It is not for nothing that potatoes are called the second “bread”, because this root crop has firmly established itself on the tables and in the gardens of s. Probably, there is no such cottage or suburban area where at least a few potato bushes, or even a whole potato field, would not be planted. Growing potatoes is not difficult: the culture is unpretentious and stable, gives good yields, the problem lies in pests – too many insects love to eat potatoes and their juicy shoots.

Potato pests and control 

Potato pests and the fight against them take up a good half of all the time that the summer resident devotes to the beds. You can see potato pests with photos and descriptions, as well as learn about the possible treatment of bushes from this article.

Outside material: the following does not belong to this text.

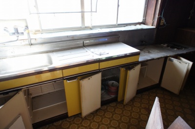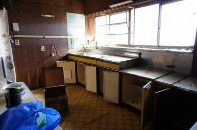 キッチン設備の様子。 築年月、空き家期間相応の老朽化が見受けられます。 2009年から空き家ですので、配管類を含めたすべての設備の再使用可否は不明です。 |

The main pests of potatoes

So, the main goal of a modern gardener is to protect potatoes from pests and dangerous diseases. All protection measures can be divided into preventive (or preventive) and real. Of course, it is easier to deal with any problem at the initial stage, and even more effective is to prevent it.

Potato pests and control 

In fact, there are so many potato pests that it is almost impossible to predict the appearance of one or another insect. Most of them are carried along with planting tubers, soil, garden tools and even water, some beetles fly in whole flocks along with air currents (downwind), other pests live in the ground for years, for the time being, without revealing their presence.

You need to know the “enemy” by sight, so below will be a photo and description of potato pests that pose the most serious danger, as well as effective measures to combat these insects.

Colorado beetle

Probably, there is no such person who would not know what the notorious “colorado” looks like. This is a small rounded beetle, the body length of which can reach 1,5 cm, and its chitinous strong shell is colored in longitudinal yellow-brown stripes.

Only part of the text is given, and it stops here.